Without pictures, return the lines from the one containing "2月19日|New insights into" through the last line of the data below, exactly.

--- Records provided Enclosed Below ---

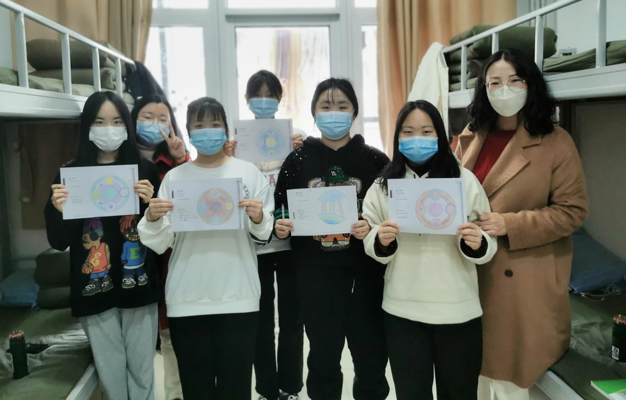 老师带着学生们一起做放松训练,感受近一周以来的心情,学生们用彩铅创作自己心目中的曼陀罗作品。
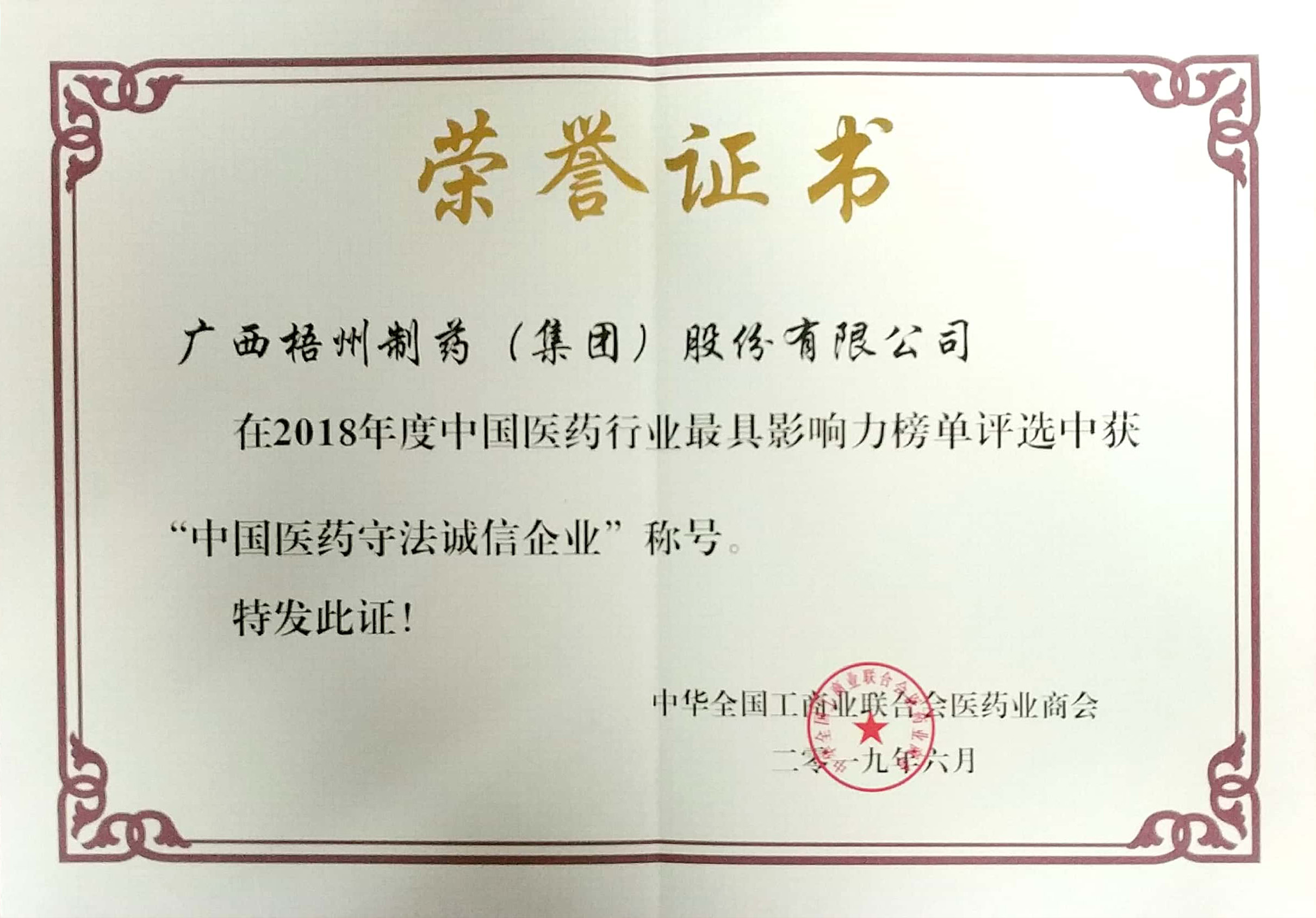 在2018年度中國醫(yī)藥行業(yè)最具影響力榜單評(píng)選中獲“中國醫(yī)藥守法誠信企業(yè)”稱號(hào)。
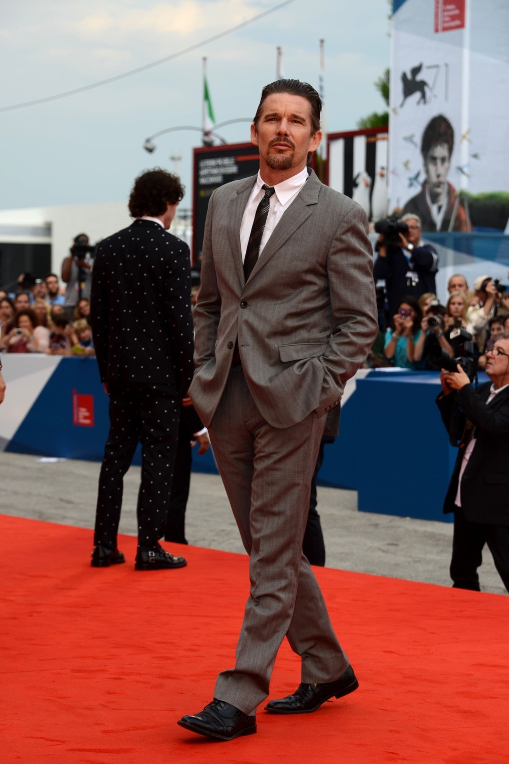 Giovani emergenti dai vezzi modaioli ma non solo. Ethan Hawke ha calcato il red carpet per presentare Cymbeline, adattamento dell’opera shakesperiana Cimbelino, diretto da Michael Almereyda, di cui è protagonista. E ha dimostrato come la classe aumenti proporzionalmente con l’età. A 44 anni, ha sfoggiato un completo greige, dal gessato impercettibile, con cravatta regimental. Una nuance dalla bruciatura nostalgica, sul finire della bella stagione, come quella immaginata per l’autunno da Canali. A cui Ethan ha aggiunto un accessorio unico: un fascino senza età e senza stagione. (guarda anche il fascino di Al Pacino conquista Venezia)
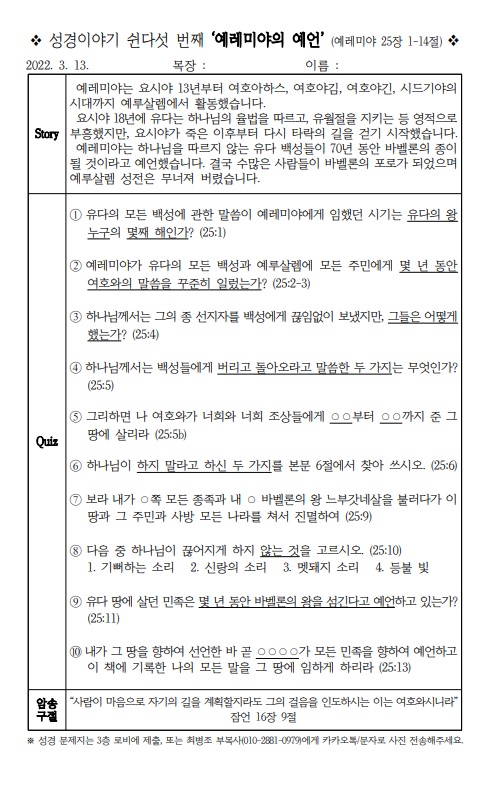 [¼º°æÄûÁî´ëȸ] ¼º°æÀ̾߱⠽®´Ù¼¸¹øÂ° ¡®¿¹·¹¹Ì¾ßÀÇ ¿¹¾ð¡¯ (¿¹·¹¹Ì¾ß 25:1~14)
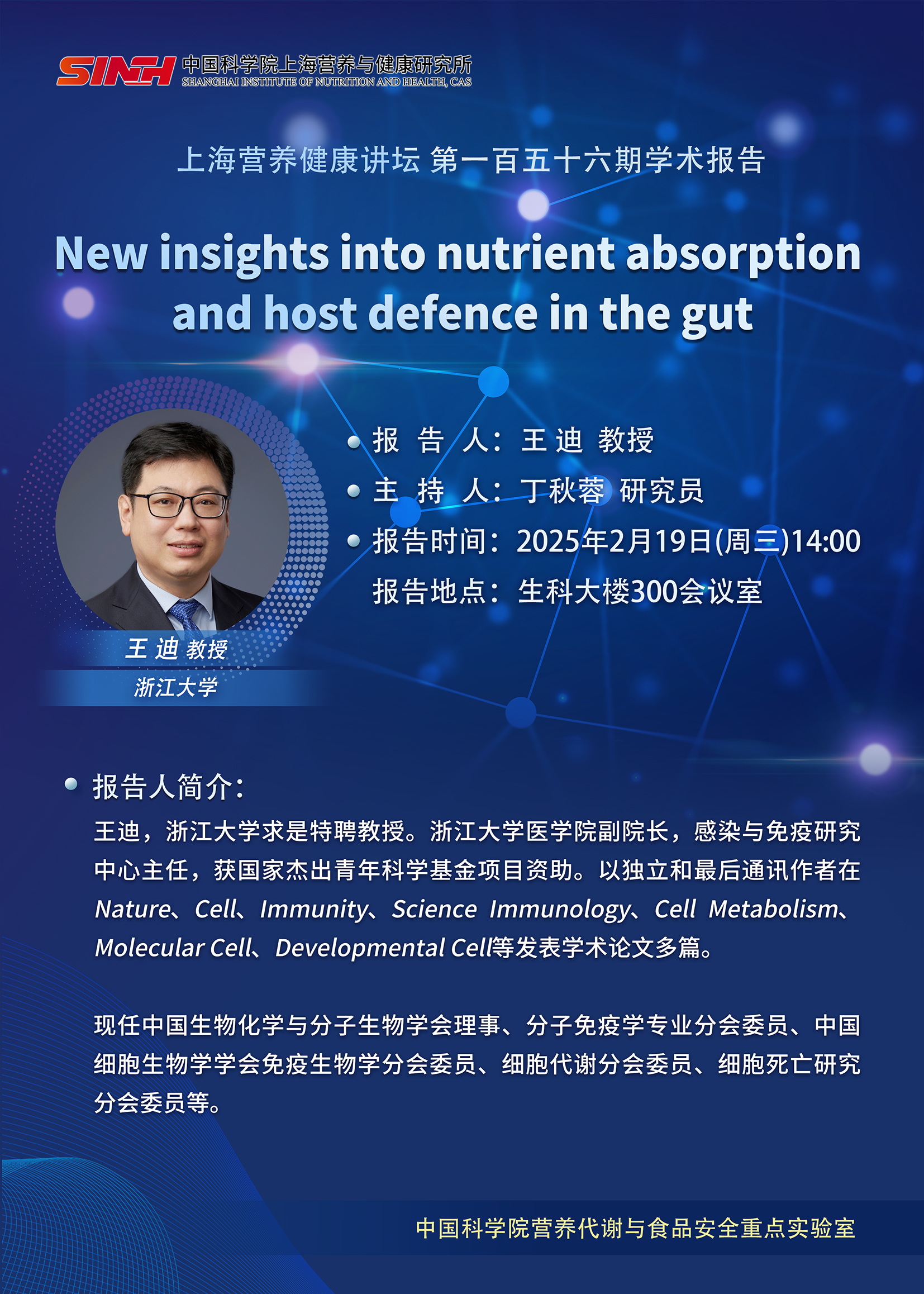 2月19日|New insights into nutrient absorption and host defence in the gut-上海营养健康讲坛
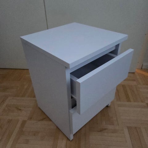 Valkoinen yöpöytä pienellä vetolaatikolla. Mahdollisesti Ikea, en ole aivan varma. Painava. Käytönjälkeä näkyy, mutta yleisilme siisti. Vetolaatikko välillä jumittaa, en tiedä saisiko kiskoja säätämällä toimivammaksi tai öljyämällä.

--- End of Enclosed Records provided ---

Exercise solution
 2月19日|New insights into nutrient absorption and host defence in the gut-上海营养健康讲坛
 Valkoinen yöpöytä pienellä vetolaatikolla. Mahdollisesti Ikea, en ole aivan varma. Painava. Käytönjälkeä näkyy, mutta yleisilme siisti. Vetolaatikko välillä jumittaa, en tiedä saisiko kiskoja säätämällä toimivammaksi tai öljyämällä.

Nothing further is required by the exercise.